Öte yandan şehir hastanelerinin ilave yatak temini bakımından sağlık sistemine önemli bir kapasite artışı getirdiğini söylemek de zordur. Nitekim şehir hastanelerinin yapılmasına "yapılacak hastanedeki yatak sayısı kadar mevcut hastanelerden azaltılması ya da mevcut hastanelerin kapatılması kaydıyla" izin verilmektedir. Bu nedenle yeni hasta yatağı oluşmamaktadır.

Ayrıca Türkiye’deki salgının yayılma hızı henüz hastanelerin kapasitesini zorlayacak bir hacme ulaşmamıştır. Temennimiz ulaşmaması yönündedir. Öte yandan ekonominin büyük ölçüde etkilendiği ve sürecin belirsizliği nedeniyle ne ölçüde etkileneceğinin henüz tam olarak öngörülemediği bir ortamda projelerin kamulaştırılması mutlaka gündeme taşınmalıdır. Bu hedef gerçekleştirilene kadar projelere dönük ödemelerin TL’ye dönüştürülmesi, yüzde 70 doluluk oranında çalıştırılacağı garantisi ile yapılan ödemelerin iptali ise acilen gündeme alınmalıdır.

'SOSYAL POLİTİKALARDAKİ DEĞİŞİM EMEKÇİ/HAREKETİNİN TALEPLERİNE BAĞLI’

-Salgınla birlikte pek çok sistemsel sorun yeniden tartışmaya açıldı. Bundan sonra sosyal politikalarda bir değişim bekliyor musunuz?

Neoliberal ideoloji sosyal politikanın kavramsallaştırılmasından uygulanmasına ve giderek de kurumsallaşmasına kadar olan süreçte etkili oldu. Çalışma ilişkilerinden sosyal güvenliğe, sağlıktan eğitim alanına kadar pek çok dönüşümün bu doğrultuda şekillenmesini sağladı. Emek aleyhine bozulan çalışma ilişkilerine kamusal harcamalardaki kesintiler de eklendiğinde gelir dağılımı bozularak yoksulluk önemli oranda arttı. Ekonomik büyümelerin yoksulluğu önlemeye yetmediği bu ortamda sosyal yardımlar kitlesel yoksulluk karşısında ortak bir araç olarak benimsendi. Bu araç siyasi amaçlar için kullanılmaya da oldukça uygun bir araçtı. Bu nedenle Türkiye’de de sosyal yardımlar AKP hükümetlerinin popülist politikaları, oy kaygıları, siyasi olarak kontrol altında tutma araçları olarak kullanıldı.

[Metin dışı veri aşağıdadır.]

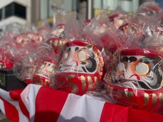 熊谷初市(だるま市)とは 熊谷初市は中山道の宿場町として栄えた熊谷宿の繁栄を願って始まりました。だるまは禅宗の開祖である達磨大師が座禅を組んでいる姿を表しており、何度も倒れても起き上がる姿から、「七転び八起き」の象徴として、目標に向かって努力を続ける人々に勇気を与える存在とされています。

Salgın ile birlikte üretimden kopan veya koparılmış olan emeğin finansmanı, diğer bir anlatımla gelir güvencesi sosyal politikanın en önemli gündem maddesidir. Bu kapsamda Türkiye İş Kurumu bünyesinde yer alan ve yararlanma koşullarında kısmi kolaylıklar getirilen kısa çalışma ödeneğinden ve işsizlik sigortası ödeneğinden yararlanma olanakları bulunmaktadır. Ancak sadece kayıtlı çalışanlara belli koşullar altında ve sınırlı bir süre ile sağlanan bu olanaklardan kayıt dışı çalıştığı için yararlanamayanlar ile hali hazırda işsiz ve yoksul olan kişilerin sayısı da azımsanamayacak boyuttadır. Bu kişilerin gelir kayıpları sosyal yardımlar kapsamında gerçekleştirilmektedir. Ücretsiz izne ayrılıp hiçbir gelire hak kazanamayan işçilere yönelik olarak aylık 1.177 TL gelir desteği sağlanması; Ramazan ayı öncesinde temel gıda gereksinimlerini karşılayamayan ihtiyaç sahipleri ile şehit yakını ve gazilere verilmesi için Sosyal Yardımlaşma ve Dayanışma Vakıflarına toplam 176.440.119 lira tutarında ilave kaynak aktarılması; Ekonomik İstikrar Kalkanı Paketinin ilk fazında düzenli yardım alan 2 milyon 111 bin haneye 1000’er TL, ikinci faz kapsamında 2 milyon 300 bin haneye 1.000’er TL, üçüncü fazda ise tespit edilecek diğer ihtiyaç sahibi hanelere 1000’er TL nakdi destek sağlanması; Bakanlık tarafından sürekli olarak sağlanan şartlı nakit desteklerinin miktarlarında artışa gidilmesi; yardım paketlerinin dağıtılması gibi uygulamaların tümü bu kapsamdadır. Salgın döneminde sosyal yardımların artırılması beklenen bir politika değişikliği olmakla birlikte, yaygınlaşan ve kalıcılaşan yapısı ile kamu otoritesinin tek yanlı belirlemesi süreci devam etmiştir.

Salgın sonrasında sosyal politikalarda meydana gelebilecek olası bir değişim ise hiç kuşkusuz emek/işçi hareketinin ve demokratik mücadelenin taleplerine göre şekillenecektir.

-Salgınla mücadelede nasıl bir yöntem izlenmeli, sizin önerileriniz nelerdir?

Salgınla mücadelede izlenecek yolun, çoğu benim de hocalarım olan 15 sosyal bilimcinin sosyal devlet ve kamulaştırma çağrılarını içeren metninde ayrıntılı bir biçimde gösterildiğini düşünüyorum. Kamuoyunda gereken ilgiyi görmediğini düşündüğüm bu çağrıya katılıyor, yeniden dikkatle okunmasını öneriyorum.